◆ DATA:
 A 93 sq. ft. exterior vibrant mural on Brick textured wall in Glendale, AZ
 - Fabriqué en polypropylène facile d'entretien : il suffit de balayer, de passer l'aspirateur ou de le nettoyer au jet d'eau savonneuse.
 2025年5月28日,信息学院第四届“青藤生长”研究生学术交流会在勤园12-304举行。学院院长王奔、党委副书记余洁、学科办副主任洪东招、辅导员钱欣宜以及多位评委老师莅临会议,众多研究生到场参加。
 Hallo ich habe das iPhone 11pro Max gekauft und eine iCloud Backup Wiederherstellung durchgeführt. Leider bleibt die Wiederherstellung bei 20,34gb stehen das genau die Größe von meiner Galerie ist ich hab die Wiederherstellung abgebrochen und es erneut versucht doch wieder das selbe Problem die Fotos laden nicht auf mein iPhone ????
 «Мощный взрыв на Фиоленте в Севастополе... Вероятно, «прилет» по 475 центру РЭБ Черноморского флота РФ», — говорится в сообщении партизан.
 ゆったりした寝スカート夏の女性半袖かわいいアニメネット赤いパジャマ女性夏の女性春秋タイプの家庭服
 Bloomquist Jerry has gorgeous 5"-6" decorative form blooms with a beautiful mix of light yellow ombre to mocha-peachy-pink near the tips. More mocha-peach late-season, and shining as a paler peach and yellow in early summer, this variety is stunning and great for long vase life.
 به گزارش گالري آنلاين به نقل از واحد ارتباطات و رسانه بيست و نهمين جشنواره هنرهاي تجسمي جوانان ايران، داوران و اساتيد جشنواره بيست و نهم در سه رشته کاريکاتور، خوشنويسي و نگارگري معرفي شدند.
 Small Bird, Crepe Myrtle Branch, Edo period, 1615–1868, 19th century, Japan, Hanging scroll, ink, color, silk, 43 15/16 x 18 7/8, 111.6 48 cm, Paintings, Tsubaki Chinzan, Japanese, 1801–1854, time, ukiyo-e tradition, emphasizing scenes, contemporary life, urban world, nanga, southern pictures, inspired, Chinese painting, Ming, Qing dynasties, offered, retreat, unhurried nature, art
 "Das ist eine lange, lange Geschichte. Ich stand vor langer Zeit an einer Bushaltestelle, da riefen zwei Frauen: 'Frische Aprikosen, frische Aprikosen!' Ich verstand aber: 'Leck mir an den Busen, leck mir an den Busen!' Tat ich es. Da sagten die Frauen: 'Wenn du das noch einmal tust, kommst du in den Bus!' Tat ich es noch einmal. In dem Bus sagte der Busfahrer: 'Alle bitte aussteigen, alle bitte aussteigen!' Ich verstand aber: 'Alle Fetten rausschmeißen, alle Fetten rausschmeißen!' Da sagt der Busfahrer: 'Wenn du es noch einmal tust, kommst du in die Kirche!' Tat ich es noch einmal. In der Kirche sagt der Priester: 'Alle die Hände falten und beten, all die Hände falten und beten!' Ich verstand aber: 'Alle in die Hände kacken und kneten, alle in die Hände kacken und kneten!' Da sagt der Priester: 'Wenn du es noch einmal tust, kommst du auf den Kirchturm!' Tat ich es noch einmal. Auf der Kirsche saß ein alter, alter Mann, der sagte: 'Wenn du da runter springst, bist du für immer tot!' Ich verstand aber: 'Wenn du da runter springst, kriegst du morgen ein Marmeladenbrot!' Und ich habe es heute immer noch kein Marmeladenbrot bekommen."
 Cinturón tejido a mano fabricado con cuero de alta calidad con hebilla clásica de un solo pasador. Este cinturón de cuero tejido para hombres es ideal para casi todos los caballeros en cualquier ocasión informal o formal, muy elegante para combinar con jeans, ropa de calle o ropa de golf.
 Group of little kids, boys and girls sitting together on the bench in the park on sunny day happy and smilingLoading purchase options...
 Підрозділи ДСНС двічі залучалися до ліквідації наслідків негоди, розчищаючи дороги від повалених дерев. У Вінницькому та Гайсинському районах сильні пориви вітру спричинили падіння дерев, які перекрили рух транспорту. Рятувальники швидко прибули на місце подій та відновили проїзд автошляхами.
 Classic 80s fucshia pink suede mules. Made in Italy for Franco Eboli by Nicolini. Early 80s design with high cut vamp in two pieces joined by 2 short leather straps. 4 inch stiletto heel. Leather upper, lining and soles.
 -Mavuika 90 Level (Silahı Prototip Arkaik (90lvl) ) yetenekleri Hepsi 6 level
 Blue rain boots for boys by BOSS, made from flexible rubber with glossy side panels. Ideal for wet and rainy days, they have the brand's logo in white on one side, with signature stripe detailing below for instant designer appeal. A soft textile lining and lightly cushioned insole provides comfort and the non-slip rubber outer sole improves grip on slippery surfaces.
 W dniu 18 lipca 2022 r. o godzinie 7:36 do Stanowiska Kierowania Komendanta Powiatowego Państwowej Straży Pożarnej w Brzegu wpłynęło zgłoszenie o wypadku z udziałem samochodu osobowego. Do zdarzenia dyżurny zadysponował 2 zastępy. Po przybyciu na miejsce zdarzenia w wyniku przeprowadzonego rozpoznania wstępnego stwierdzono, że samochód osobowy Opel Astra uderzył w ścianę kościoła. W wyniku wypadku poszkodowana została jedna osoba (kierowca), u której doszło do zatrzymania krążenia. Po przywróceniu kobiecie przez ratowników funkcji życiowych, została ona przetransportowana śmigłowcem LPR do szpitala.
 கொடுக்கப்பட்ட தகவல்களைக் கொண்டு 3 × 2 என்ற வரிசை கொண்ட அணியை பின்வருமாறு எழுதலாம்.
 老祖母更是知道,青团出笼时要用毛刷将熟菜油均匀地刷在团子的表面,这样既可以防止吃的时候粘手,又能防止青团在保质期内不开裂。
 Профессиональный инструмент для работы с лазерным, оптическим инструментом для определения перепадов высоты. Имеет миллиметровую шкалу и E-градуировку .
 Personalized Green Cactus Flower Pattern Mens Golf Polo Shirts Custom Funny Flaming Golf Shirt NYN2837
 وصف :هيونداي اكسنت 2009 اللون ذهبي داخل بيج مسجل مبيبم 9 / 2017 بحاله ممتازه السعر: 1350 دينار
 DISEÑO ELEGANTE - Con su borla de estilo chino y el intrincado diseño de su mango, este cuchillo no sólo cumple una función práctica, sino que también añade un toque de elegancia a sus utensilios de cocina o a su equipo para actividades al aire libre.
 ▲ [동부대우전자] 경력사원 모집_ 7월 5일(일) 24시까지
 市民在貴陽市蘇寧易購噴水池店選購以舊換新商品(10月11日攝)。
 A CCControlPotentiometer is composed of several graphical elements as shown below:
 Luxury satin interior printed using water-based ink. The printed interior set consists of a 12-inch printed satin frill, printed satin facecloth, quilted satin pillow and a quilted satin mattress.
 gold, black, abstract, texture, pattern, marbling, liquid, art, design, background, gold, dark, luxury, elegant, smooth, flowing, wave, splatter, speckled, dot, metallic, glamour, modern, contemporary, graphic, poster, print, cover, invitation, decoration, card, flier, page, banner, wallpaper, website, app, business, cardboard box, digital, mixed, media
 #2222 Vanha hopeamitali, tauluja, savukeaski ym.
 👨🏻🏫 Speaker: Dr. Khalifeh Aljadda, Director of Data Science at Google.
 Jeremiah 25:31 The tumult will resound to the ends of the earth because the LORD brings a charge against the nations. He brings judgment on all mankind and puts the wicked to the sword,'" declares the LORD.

◆ PROBLEM REQUIREMENTS:
All of the entries must be printed again exactly as given.

◆ ANSWER BOX:
 A 93 sq. ft. exterior vibrant mural on Brick textured wall in Glendale, AZ
 - Fabriqué en polypropylène facile d'entretien : il suffit de balayer, de passer l'aspirateur ou de le nettoyer au jet d'eau savonneuse.
 2025年5月28日,信息学院第四届“青藤生长”研究生学术交流会在勤园12-304举行。学院院长王奔、党委副书记余洁、学科办副主任洪东招、辅导员钱欣宜以及多位评委老师莅临会议,众多研究生到场参加。
 Hallo ich habe das iPhone 11pro Max gekauft und eine iCloud Backup Wiederherstellung durchgeführt. Leider bleibt die Wiederherstellung bei 20,34gb stehen das genau die Größe von meiner Galerie ist ich hab die Wiederherstellung abgebrochen und es erneut versucht doch wieder das selbe Problem die Fotos laden nicht auf mein iPhone ????
 «Мощный взрыв на Фиоленте в Севастополе... Вероятно, «прилет» по 475 центру РЭБ Черноморского флота РФ», — говорится в сообщении партизан.
 ゆったりした寝スカート夏の女性半袖かわいいアニメネット赤いパジャマ女性夏の女性春秋タイプの家庭服
 Bloomquist Jerry has gorgeous 5"-6" decorative form blooms with a beautiful mix of light yellow ombre to mocha-peachy-pink near the tips. More mocha-peach late-season, and shining as a paler peach and yellow in early summer, this variety is stunning and great for long vase life.
 به گزارش گالري آنلاين به نقل از واحد ارتباطات و رسانه بيست و نهمين جشنواره هنرهاي تجسمي جوانان ايران، داوران و اساتيد جشنواره بيست و نهم در سه رشته کاريکاتور، خوشنويسي و نگارگري معرفي شدند.
 Small Bird, Crepe Myrtle Branch, Edo period, 1615–1868, 19th century, Japan, Hanging scroll, ink, color, silk, 43 15/16 x 18 7/8, 111.6 48 cm, Paintings, Tsubaki Chinzan, Japanese, 1801–1854, time, ukiyo-e tradition, emphasizing scenes, contemporary life, urban world, nanga, southern pictures, inspired, Chinese painting, Ming, Qing dynasties, offered, retreat, unhurried nature, art
 "Das ist eine lange, lange Geschichte. Ich stand vor langer Zeit an einer Bushaltestelle, da riefen zwei Frauen: 'Frische Aprikosen, frische Aprikosen!' Ich verstand aber: 'Leck mir an den Busen, leck mir an den Busen!' Tat ich es. Da sagten die Frauen: 'Wenn du das noch einmal tust, kommst du in den Bus!' Tat ich es noch einmal. In dem Bus sagte der Busfahrer: 'Alle bitte aussteigen, alle bitte aussteigen!' Ich verstand aber: 'Alle Fetten rausschmeißen, alle Fetten rausschmeißen!' Da sagt der Busfahrer: 'Wenn du es noch einmal tust, kommst du in die Kirche!' Tat ich es noch einmal. In der Kirche sagt der Priester: 'Alle die Hände falten und beten, all die Hände falten und beten!' Ich verstand aber: 'Alle in die Hände kacken und kneten, alle in die Hände kacken und kneten!' Da sagt der Priester: 'Wenn du es noch einmal tust, kommst du auf den Kirchturm!' Tat ich es noch einmal. Auf der Kirsche saß ein alter, alter Mann, der sagte: 'Wenn du da runter springst, bist du für immer tot!' Ich verstand aber: 'Wenn du da runter springst, kriegst du morgen ein Marmeladenbrot!' Und ich habe es heute immer noch kein Marmeladenbrot bekommen."
 Cinturón tejido a mano fabricado con cuero de alta calidad con hebilla clásica de un solo pasador. Este cinturón de cuero tejido para hombres es ideal para casi todos los caballeros en cualquier ocasión informal o formal, muy elegante para combinar con jeans, ropa de calle o ropa de golf.
 Group of little kids, boys and girls sitting together on the bench in the park on sunny day happy and smilingLoading purchase options...
 Підрозділи ДСНС двічі залучалися до ліквідації наслідків негоди, розчищаючи дороги від повалених дерев. У Вінницькому та Гайсинському районах сильні пориви вітру спричинили падіння дерев, які перекрили рух транспорту. Рятувальники швидко прибули на місце подій та відновили проїзд автошляхами.
 Classic 80s fucshia pink suede mules. Made in Italy for Franco Eboli by Nicolini. Early 80s design with high cut vamp in two pieces joined by 2 short leather straps. 4 inch stiletto heel. Leather upper, lining and soles.
 -Mavuika 90 Level (Silahı Prototip Arkaik (90lvl) ) yetenekleri Hepsi 6 level
 Blue rain boots for boys by BOSS, made from flexible rubber with glossy side panels. Ideal for wet and rainy days, they have the brand's logo in white on one side, with signature stripe detailing below for instant designer appeal. A soft textile lining and lightly cushioned insole provides comfort and the non-slip rubber outer sole improves grip on slippery surfaces.
 W dniu 18 lipca 2022 r. o godzinie 7:36 do Stanowiska Kierowania Komendanta Powiatowego Państwowej Straży Pożarnej w Brzegu wpłynęło zgłoszenie o wypadku z udziałem samochodu osobowego. Do zdarzenia dyżurny zadysponował 2 zastępy. Po przybyciu na miejsce zdarzenia w wyniku przeprowadzonego rozpoznania wstępnego stwierdzono, że samochód osobowy Opel Astra uderzył w ścianę kościoła. W wyniku wypadku poszkodowana została jedna osoba (kierowca), u której doszło do zatrzymania krążenia. Po przywróceniu kobiecie przez ratowników funkcji życiowych, została ona przetransportowana śmigłowcem LPR do szpitala.
 கொடுக்கப்பட்ட தகவல்களைக் கொண்டு 3 × 2 என்ற வரிசை கொண்ட அணியை பின்வருமாறு எழுதலாம்.
 老祖母更是知道,青团出笼时要用毛刷将熟菜油均匀地刷在团子的表面,这样既可以防止吃的时候粘手,又能防止青团在保质期内不开裂。
 Профессиональный инструмент для работы с лазерным, оптическим инструментом для определения перепадов высоты. Имеет миллиметровую шкалу и E-градуировку .
 Personalized Green Cactus Flower Pattern Mens Golf Polo Shirts Custom Funny Flaming Golf Shirt NYN2837
 وصف :هيونداي اكسنت 2009 اللون ذهبي داخل بيج مسجل مبيبم 9 / 2017 بحاله ممتازه السعر: 1350 دينار
 DISEÑO ELEGANTE - Con su borla de estilo chino y el intrincado diseño de su mango, este cuchillo no sólo cumple una función práctica, sino que también añade un toque de elegancia a sus utensilios de cocina o a su equipo para actividades al aire libre.
 ▲ [동부대우전자] 경력사원 모집_ 7월 5일(일) 24시까지
 市民在貴陽市蘇寧易購噴水池店選購以舊換新商品(10月11日攝)。
 A CCControlPotentiometer is composed of several graphical elements as shown below:
 Luxury satin interior printed using water-based ink. The printed interior set consists of a 12-inch printed satin frill, printed satin facecloth, quilted satin pillow and a quilted satin mattress.
 gold, black, abstract, texture, pattern, marbling, liquid, art, design, background, gold, dark, luxury, elegant, smooth, flowing, wave, splatter, speckled, dot, metallic, glamour, modern, contemporary, graphic, poster, print, cover, invitation, decoration, card, flier, page, banner, wallpaper, website, app, business, cardboard box, digital, mixed, media
 #2222 Vanha hopeamitali, tauluja, savukeaski ym.
 👨🏻🏫 Speaker: Dr. Khalifeh Aljadda, Director of Data Science at Google.
 Jeremiah 25:31 The tumult will resound to the ends of the earth because the LORD brings a charge against the nations. He brings judgment on all mankind and puts the wicked to the sword,'" declares the LORD.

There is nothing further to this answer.